Telefónica completed its departure from Central America with the sale of its mobile partnership in El Salvador to General International Telecom Limited by 144 million dollars, approximately 125 million euros.

This new operation is carried out from Telefónica Central America Inversiones, S.L., a 60% participated company by Telefónica and 40% by Multi Investment Corporation.
On the buyer’s side, the transaction has been structured by affiliates of the Atlantis Group, financial entities that financially support the acquisition by a group of Salvadoran investors with assets in that country.
60% of 125 million euros are encrypted for telephone at 75 million euros.

In its withdrawal from Central America, Telefónica has propped up 455 million euros in Costa Rica (the only subsidiary where it aglutinated 100% of the shares), some 750 million in Nicaragua, Panama and Guatemala, and 75 million in El Salvador (in all these
Countries had 60%)

Telefónica Salvadoran affiliate had been sold initially to América Móvil, a group controlled by the Mexican magnate Carlos Slim, but “After the imposition of harsh regulatory conditions, the operation was aborted,” he recalls telephone about that failed operation.
Specifically, the country’s sectoral regulator conditioned the sale to the refund of spectrum packages by Mobile America, a requirement that ended up discouraging Slim.

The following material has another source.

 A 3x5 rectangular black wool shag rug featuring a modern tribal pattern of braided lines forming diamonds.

Telefónica had already been disposed of its subsidiaries in Guatemala, Nicaragua and Panama, for a joint price of 1,356 million dollars (1,163 million euros), of which 60% corresponded to Telefónica and therefore 814 million dollars (somewhat less
of 750 million euros).

However, Millicom International Cellular refused to execute the purchase of the subsidiary of Costa Rica that had agreed with the Spanish multinational.
Faced with this scenario, a Judicialized, Telefónica had to find another buyer, Liberty Latin America, who paid a final price of 500 million dollars that in its entirety were for Telefónica (approximately 455 million euros).
If the operation has been materialized initially with Millicom for Costa Rica, the price of that transaction would have exceeded 500 million euros.

With this last sale in El Salvador, the Spanish telecommunications company leaves behind once and for all Central America.
In Costa Rica, 455 million euros was supported instead of the initial 500 million, while El Salvador will finally report another 75 million, according to his 60% participation, instead of the 166 million expected.
With respect to operations that did not come down, Telefónica has seen its forecasts are lowered by around 140 million euros.

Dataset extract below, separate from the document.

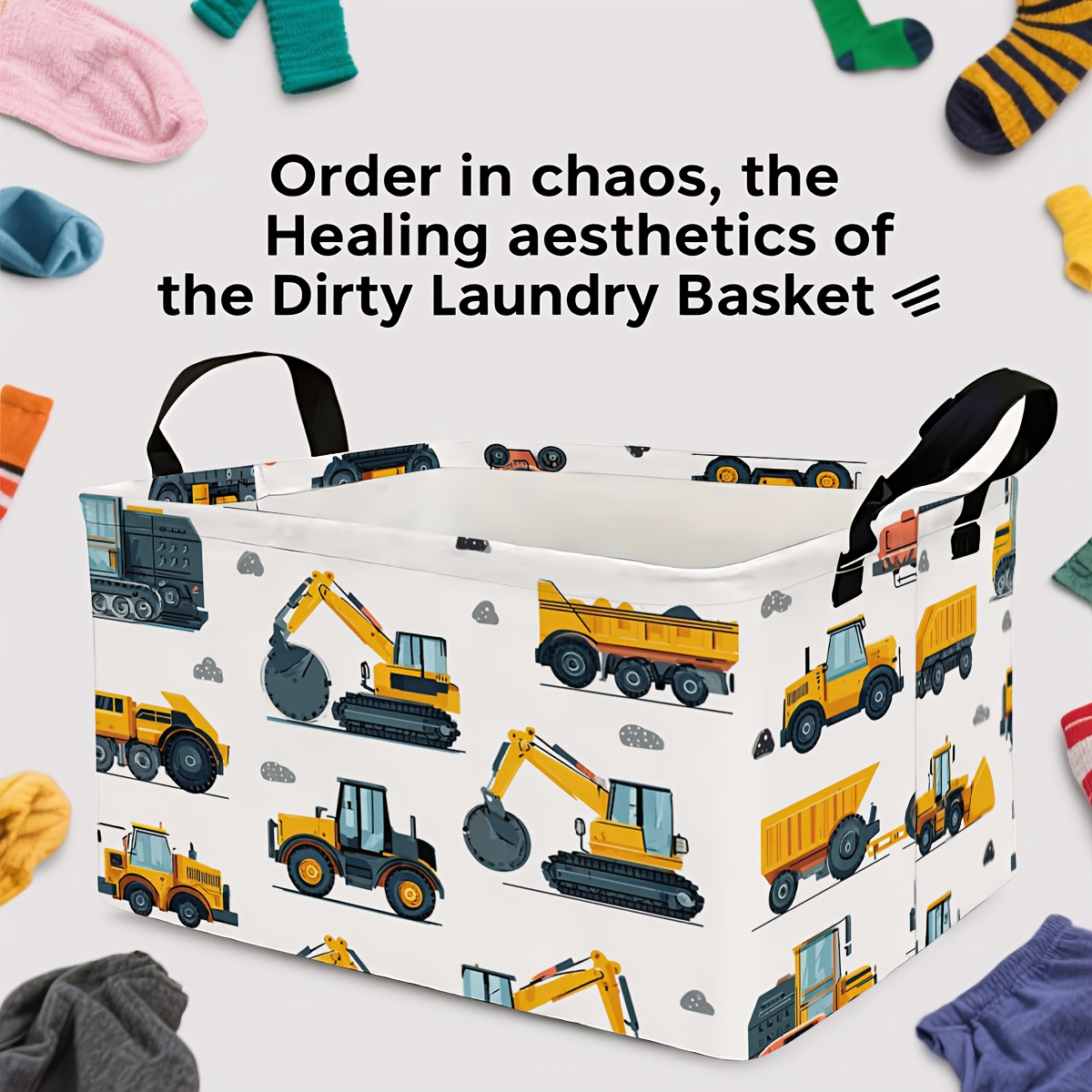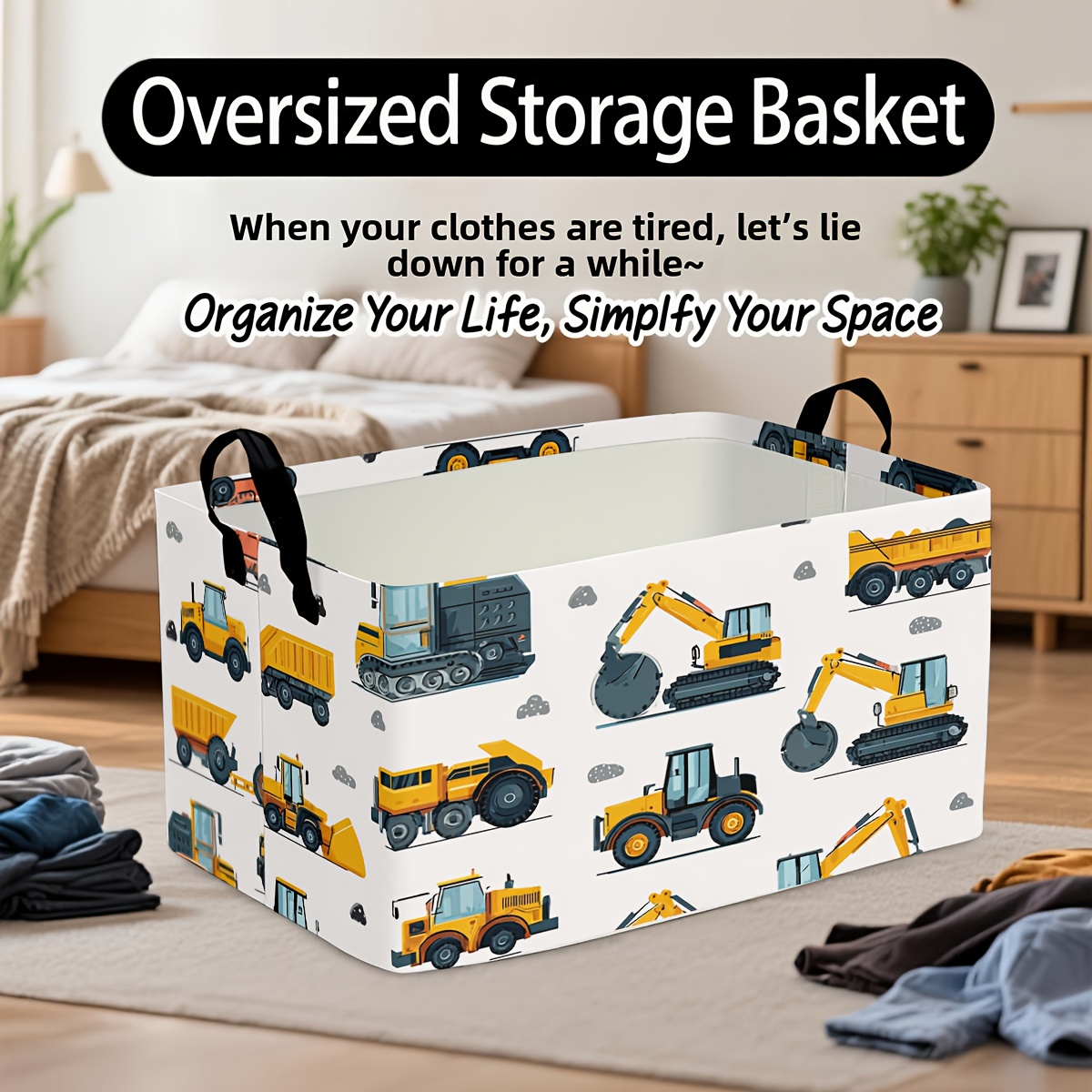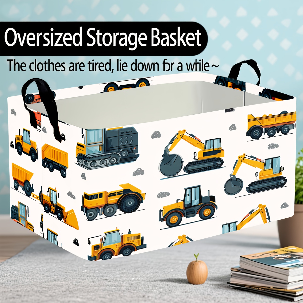 1pc Extra Large Heavy-Duty Construction Vehicle Storage Basket with Metal Frame – Heavy-Duty Oxford Fabric Construction Bin with Sturdy Handle & Open Top, Large Capacity Organizer For Home, Office, Construction Sites – Ideal For Toys, Sports Gear

These new 125 million euros represent a multiple of 7 times the OIBDA (similar to EBITDA) that the Salvadoran participant managed to score in 2020. For Telefónica that multiple, more often fulfills any expectation, understanding that the consensus of analysts gave
Good even the multiple of 4 for Hispanoamérica, having exceeded that data with more and also in Central America, where the ratings tend down.

In the company they are satisfied with the operation, more if possible after having suffered a pandemic that has altered the assessments to the downside.
One of the Mantras of Telefónica is to reduce risks and of course in the countries where it has disinverted.
Once again, the company chaired by José María Álvarez-Pallete has framed the operation “within the Asset Portfolio Management Policy of the Telefónica Group, based on a value-creation and optimization strategy of return on capital”.

Currently, Telefónica focus its business mainly in four markets, as has recognized Álvarez-Pallete: Spain, Brazil, Germany and the United Kingdom, where the teleco has carried out a great merger to lead the mobile market by integrating its subsidiary O2 with
Virgin, thanks to an agreement with Liberty Global.